- Data records -
>>>>

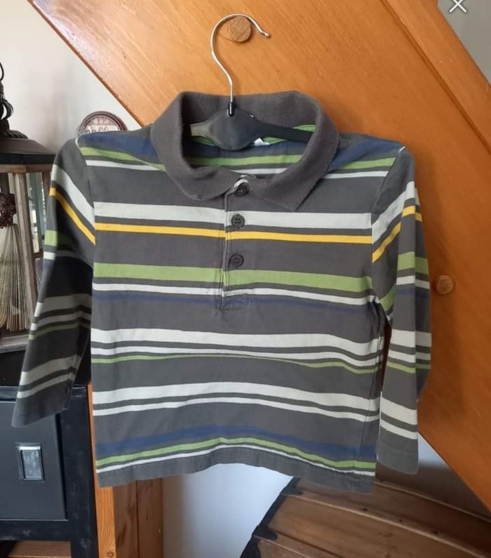GARÇON 3 ANS N°61 Polo longues manches vert/ jaune / gris rayé 100% coton Taille 3 ans Kid kanaï 2€ #kelly_garçon3ans
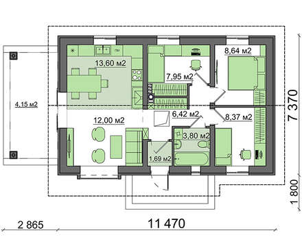 Маленький одноэтажный дом можно использовать не только как дачу, но и как постоянное жилье. Компактность, простая форма дома и двускатной крыши позволяет быстро и экономно вести строительство. Такой проект просто идеально подходит для молодой семьи.
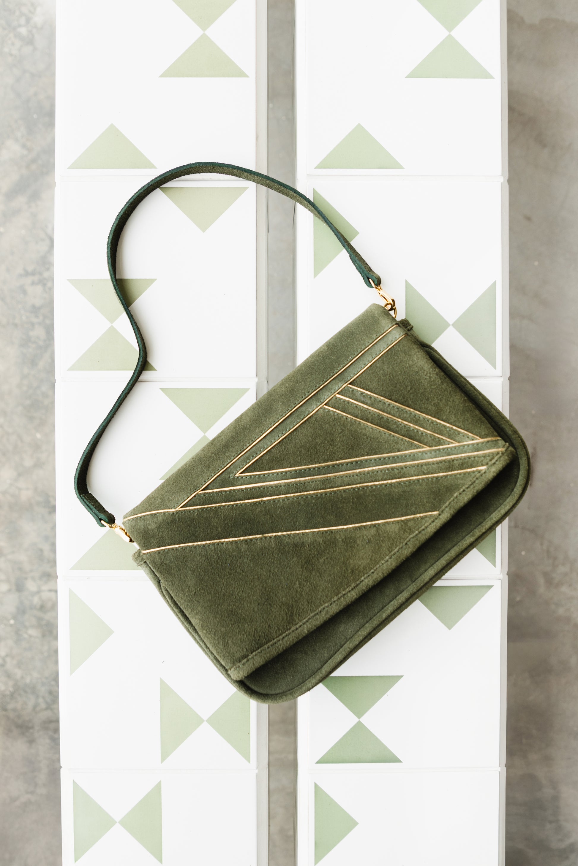 Bolsa feita à mão em couro legítimo do tipo camurça, material que valoriza a delicadeza da peça. Apresenta detalhes em linhas douradas na parte frontal, adicionando sofisticação e um toque de elegância ao design. Possui alça curta e alça longa, ambas removíveis, e fechamento por botão invisível. Possui bolso interno sem zíper e um bolso externo com zíper.
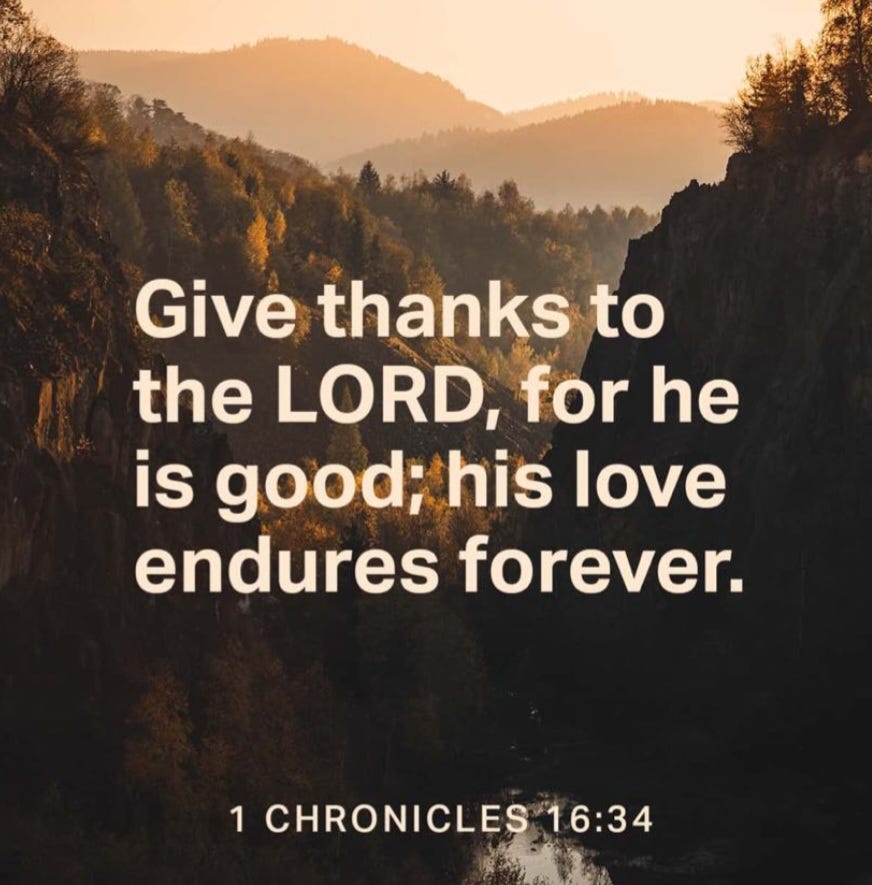 "Give thanks to the Lord, for he is good; his love endures forever." — 1 Chronicles 16:34 (NIV)
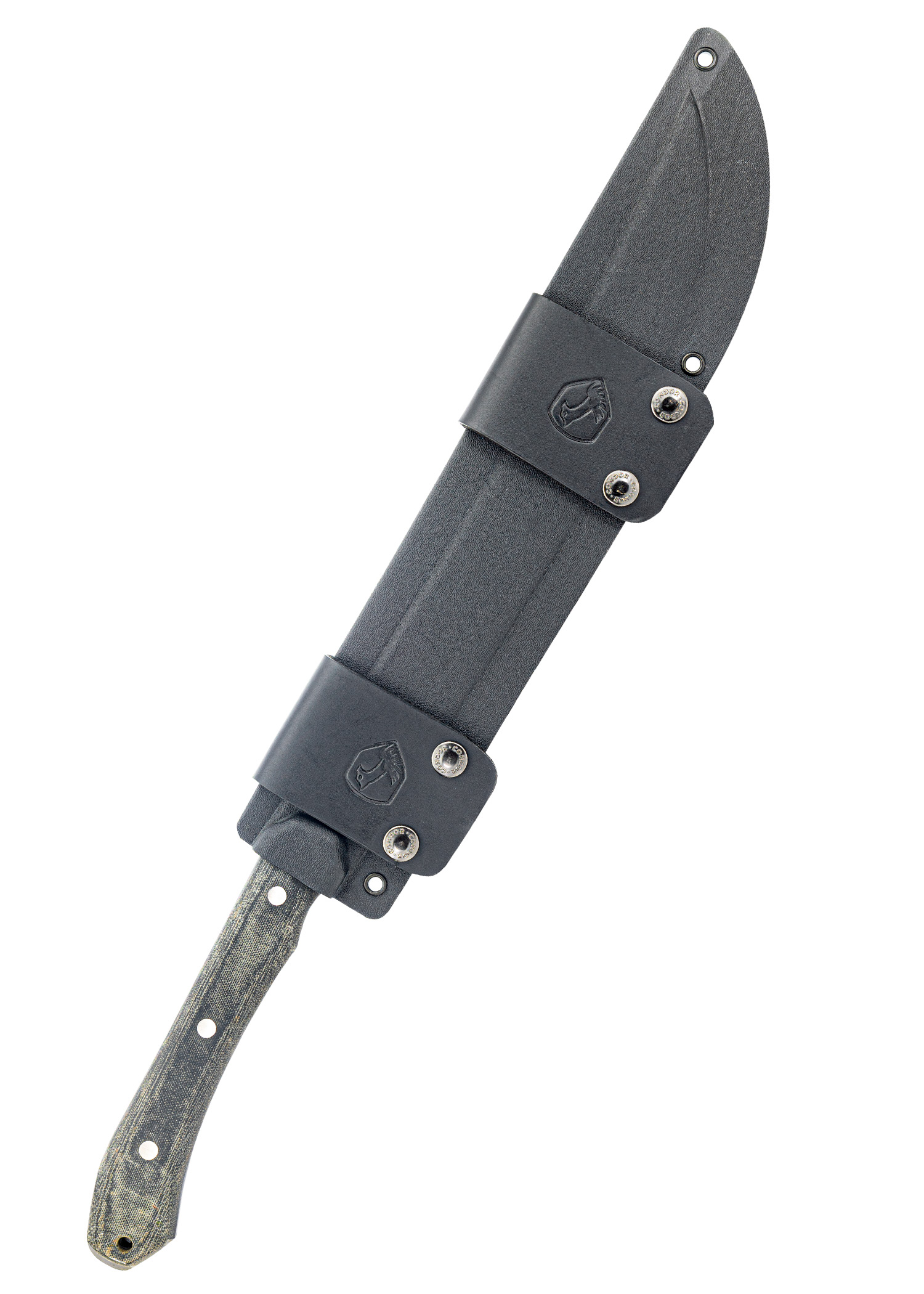 Diese Falchion-ähnliche K-Night Machete mit verlängertem Griff lässt die Grenzen zwischen Schwert und Messer verschwimmen und wurde entwickelt, um eine Nische in deiner Ausrüstung zu füllen. Der Griff ermöglicht fast unendliche Hand-Platzierungsmöglichkeiten. Aufgrund ihrer Größe ist die K-Night Machete bequem zu führen, wodurch sie zu einem hervorragenden Outdoorwerkzeug wird. Wenn Präzision und Kontrolle für Stiche oder Nahkampfangriffe erforderlich sind, ermöglicht das Design einen Knebelgriff oder eine beidhändige Handhabung. Dieses leicht zu tragende und schnell zugängliche Werkzeug ist ein zuverlässiger und praktischer Begleiter für den täglichen Bedarf.
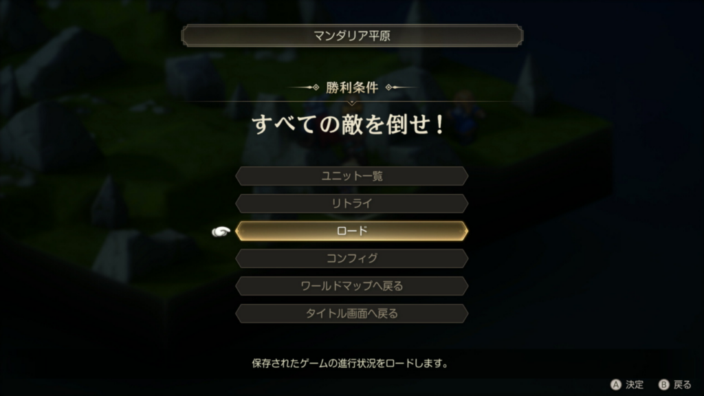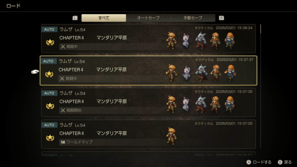 ⑤ロードを選択し、上から2番目のオートセーブデータを選択します。
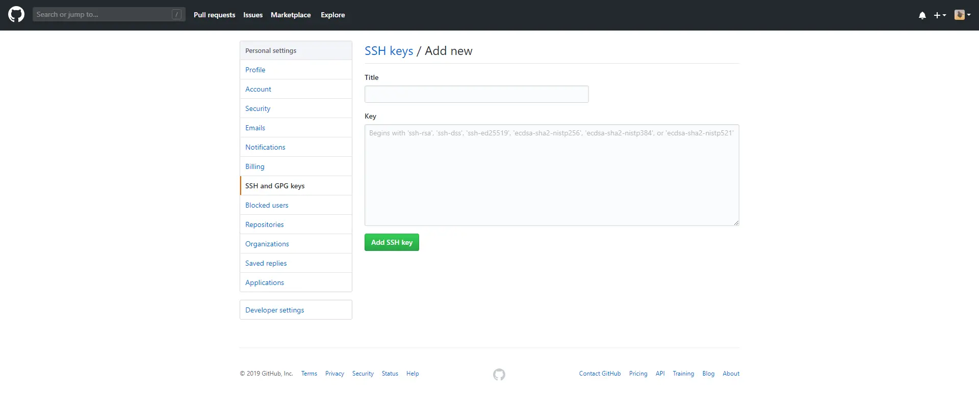 第四步,打开我们的github页面,点击右上角的头像,点击下拉菜单的setting,跳转页面后点击侧边栏的SSH and GPG keys,点击New SHH key进入我们如下界面

<<<<

- Problem to solve -
Only an exact copy belongs in the answer: the lines from the one containing "Маленький одноэтажный дом" through the end of the records, both ends included, minus the pictures.

- Output of the task -
 Маленький одноэтажный дом можно использовать не только как дачу, но и как постоянное жилье. Компактность, простая форма дома и двускатной крыши позволяет быстро и экономно вести строительство. Такой проект просто идеально подходит для молодой семьи.
 Bolsa feita à mão em couro legítimo do tipo camurça, material que valoriza a delicadeza da peça. Apresenta detalhes em linhas douradas na parte frontal, adicionando sofisticação e um toque de elegância ao design. Possui alça curta e alça longa, ambas removíveis, e fechamento por botão invisível. Possui bolso interno sem zíper e um bolso externo com zíper.
 "Give thanks to the Lord, for he is good; his love endures forever." — 1 Chronicles 16:34 (NIV)
 Diese Falchion-ähnliche K-Night Machete mit verlängertem Griff lässt die Grenzen zwischen Schwert und Messer verschwimmen und wurde entwickelt, um eine Nische in deiner Ausrüstung zu füllen. Der Griff ermöglicht fast unendliche Hand-Platzierungsmöglichkeiten. Aufgrund ihrer Größe ist die K-Night Machete bequem zu führen, wodurch sie zu einem hervorragenden Outdoorwerkzeug wird. Wenn Präzision und Kontrolle für Stiche oder Nahkampfangriffe erforderlich sind, ermöglicht das Design einen Knebelgriff oder eine beidhändige Handhabung. Dieses leicht zu tragende und schnell zugängliche Werkzeug ist ein zuverlässiger und praktischer Begleiter für den täglichen Bedarf.
 ⑤ロードを選択し、上から2番目のオートセーブデータを選択します。
 第四步,打开我们的github页面,点击右上角的头像,点击下拉菜单的setting,跳转页面后点击侧边栏的SSH and GPG keys,点击New SHH key进入我们如下界面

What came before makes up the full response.